Lekcja języka polskiego. Polonistka z twarzą męczennika wysłuchuje naszych "deklamacyj" Inwokacji. Są dwa wyróżniające się ich rodzaje w naszej klasie:

1. Deklamacja "jak kijem po płocie" (jak zwykła utyskiwać nasza Pani), czyli:

litwoojczyznomojatyjesteśjakzdrowie ...?...(głos z klasy, szeptem: "ile cię trzeba")ileciętrzebacenićtentylkosiędowie.

2. Deklamacja "dramatyczna" (specjalizowała się w niej właściwie tylko jedna koleżanka):

Litwo! Ojczyzno! MOJA! Ty! Jesteś! Jak! Zdrowie!!! (oraz liczne westchnienia, zawieszania głosu, drżenie rąk, chodzienie po całej klasie, a nawet - włażenie na ławkę!).

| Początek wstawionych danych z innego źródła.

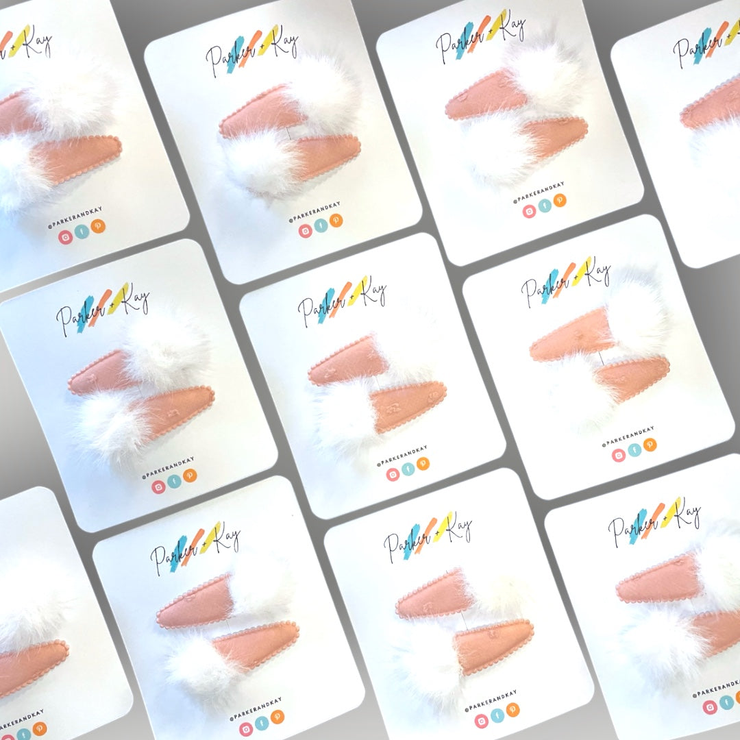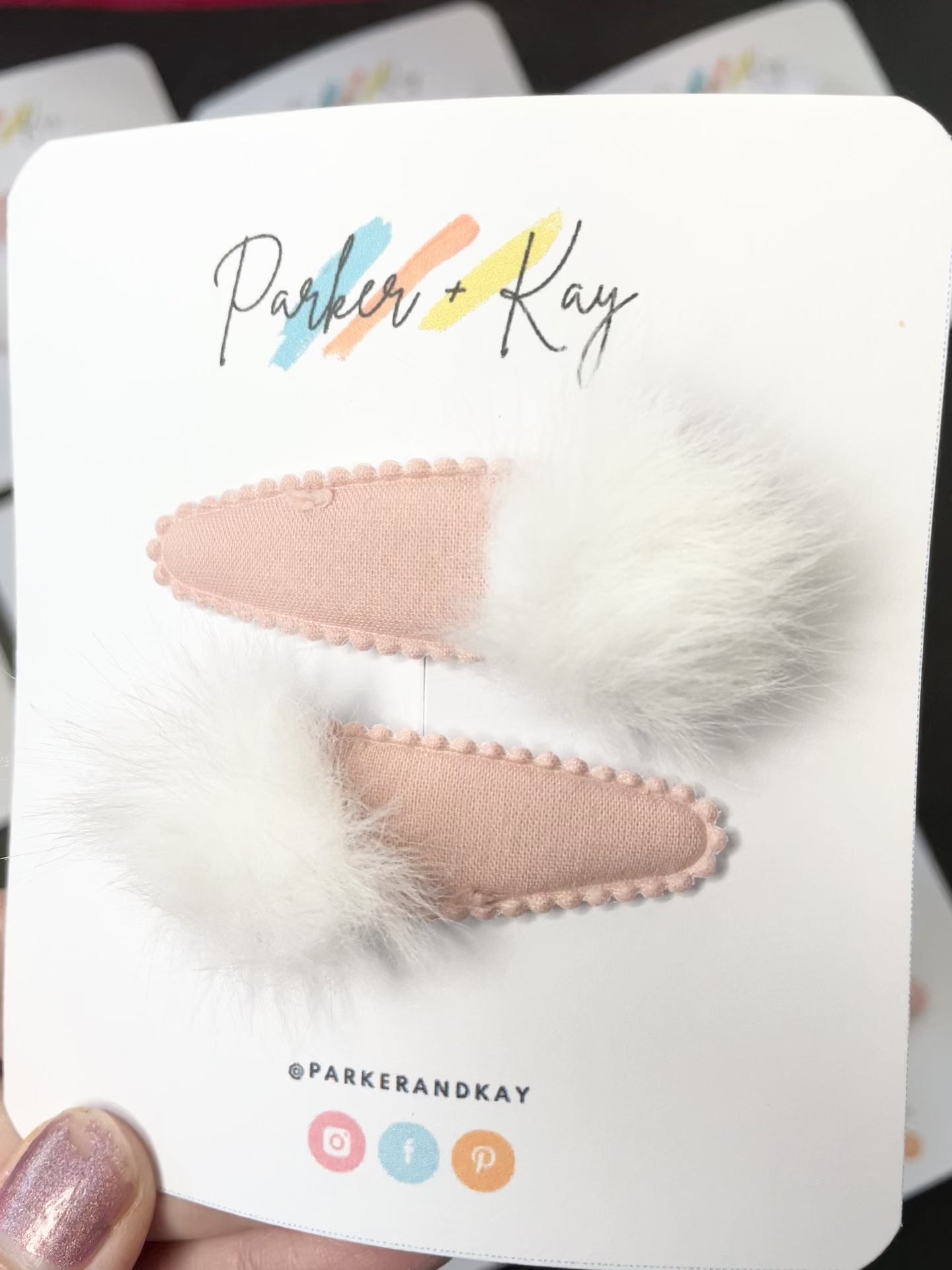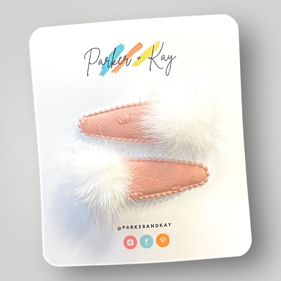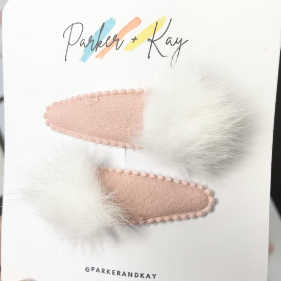 Fluffy faux fur featured on a dusty pink fabric-covered snap clip. Clips are approximately 2"x 1" and come in a set of two clips.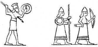По одежде и вооружению урарты отличались от ассирийцев и ближе всего стояли к хеттам, для которых шлем с гребнем, копьё и небольшой круглый щит были также характерны (рис. 7). [4]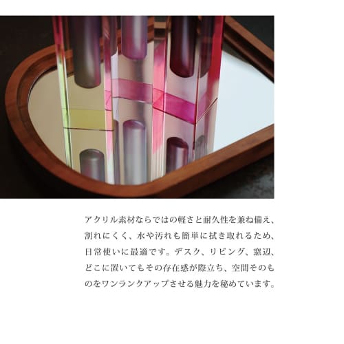 シンプルなフォルムでありながら、置かれた空間をまるで舞台のように彩り、静かに揺らめく光と色彩の魔法を感じさせます。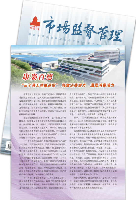 12月15日,《市場(chǎng)監(jiān)督管理》半月刊再次以《康姿百德“三個(gè)月無(wú)理由退貨”--釋放消費(fèi)潛力 激發(fā)消費(fèi)活力》為題,全面、詳細(xì)地報(bào)道了康姿百德。
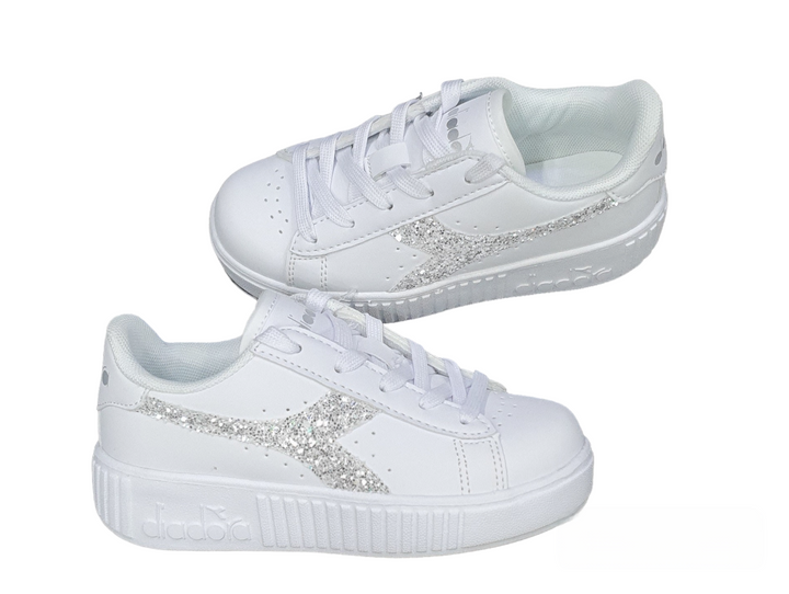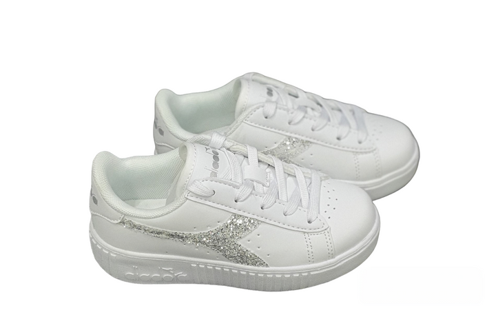 Sneaker bianca con contrasto argento glitterato, con lacci, tomaia in ecopelle, interno in tessuto, suola in gomma.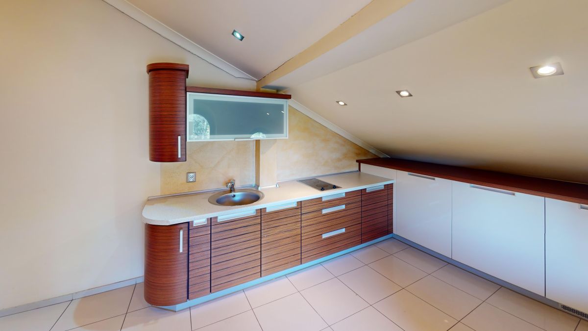 Piętro oferuje prywatną strefę domowników: cztery sypialnie, pokój kąpielowy oraz dodatkową kuchnię z wyjściem na balkon.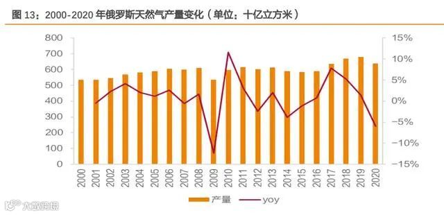 产量方面,俄罗斯是仅次于美国的全球第二大天然气生产国,2015-2019 年天然气产量复 合增速为 1.2%,并于 2019 年达到 6790 亿立方米的历史高点。2020 年产量为 6385 亿立方 米,同比下滑 5.97%。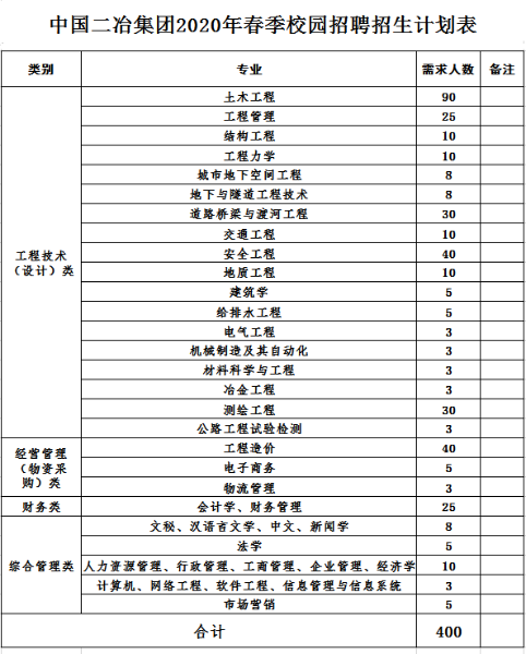 公司 2020 年春季招聘計劃招收總計 400 人(詳見附件)。

Pozostałe recytacje bywały po prostu przeciętne, przy czym im bliżej końca, tym tempo mówienia się przyspieszało - aby tylko dobrnąć do finału i usiąść z poczuciem ulgi.

Rok 2001, II klasa szkoły średniej

Omawiamy na polskim romantyzm. Jedynymi lekturami czytanymi w całości są wiersze, mało kto czyta całego "Giaura" czy "Konrada Wallenroda" - ale zdarza się. No, ale "Pana Tadeusza"? W życiu! Nie dość, że długie, to jeszcze "we dwunastu księgach wierszem"!!!

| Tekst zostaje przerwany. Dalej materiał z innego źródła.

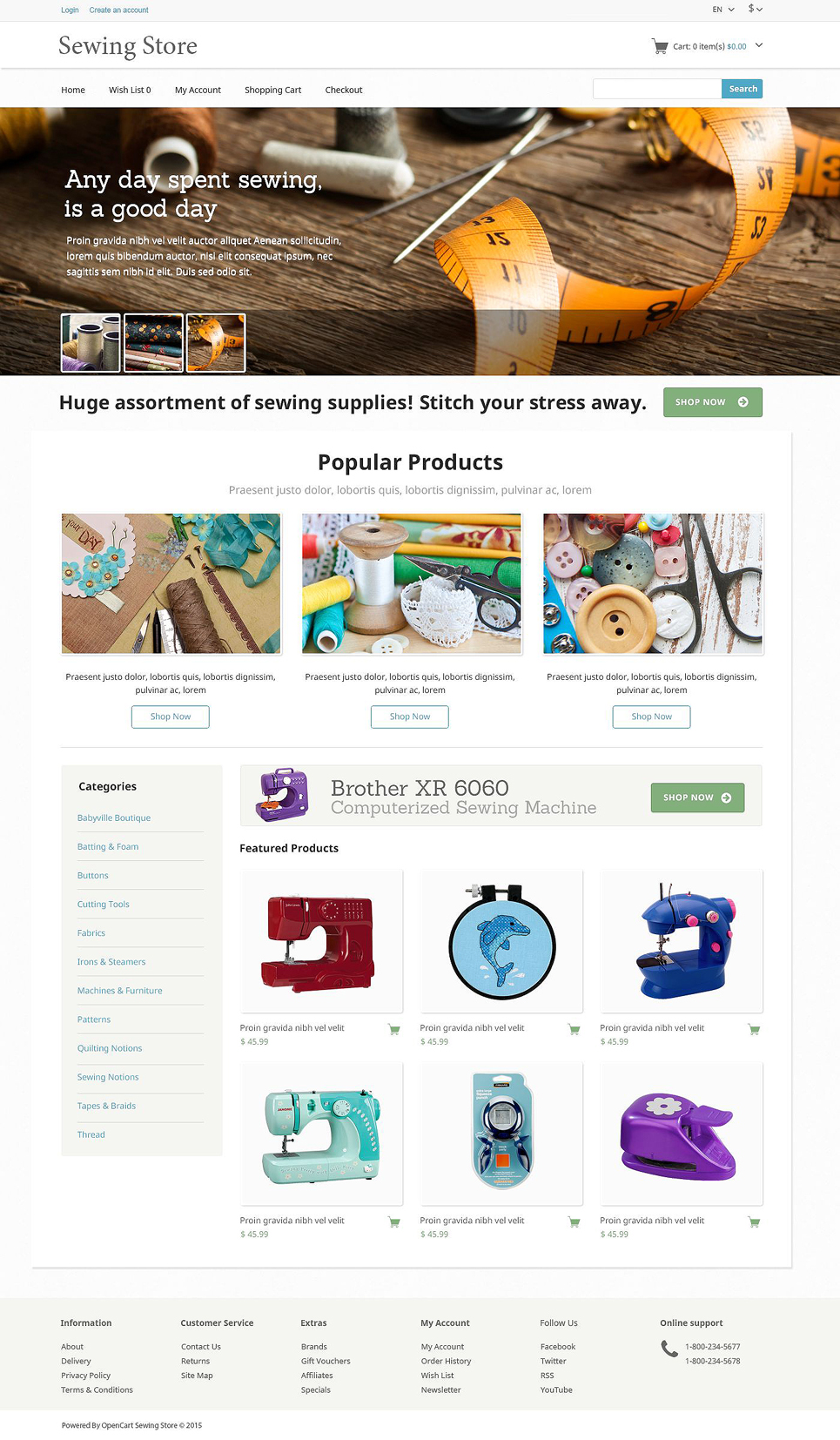 Crafts - хорошо подходит для сайтов в области Рукоделие. OpenCart интернет-магазин для сайта - Sewing Knitting OpenCart Template.

Rok 2006, przed sesją (pod koniec II-go roku)

Lista lektur do egzaminu z romantyzmu jest długa. Brnę przez Słowackiego (nudne), Norwida (ciężkie), Mickiewicza... Mickiewicz został przemaglowany wcześniej na zajęciach, zostaje mi do przeczytania "Pan Tadeusz". Czytam, za radą znajomej, nie jak jeden długi wiersz, ale jak powieść. Połykam w dwie godziny, dziwiąc się w duchu, gdzie się podziało to obrzydzenie, ta niechęć? Przecież to jest świetne... Nareszcie jakaś normalna lektura w tym romantyźmie, którego nie czuję, nie rozumiem, "jak ma mnie zachwycać, skoro nie zachwyca", chociaż tam "wielcy poeci byli".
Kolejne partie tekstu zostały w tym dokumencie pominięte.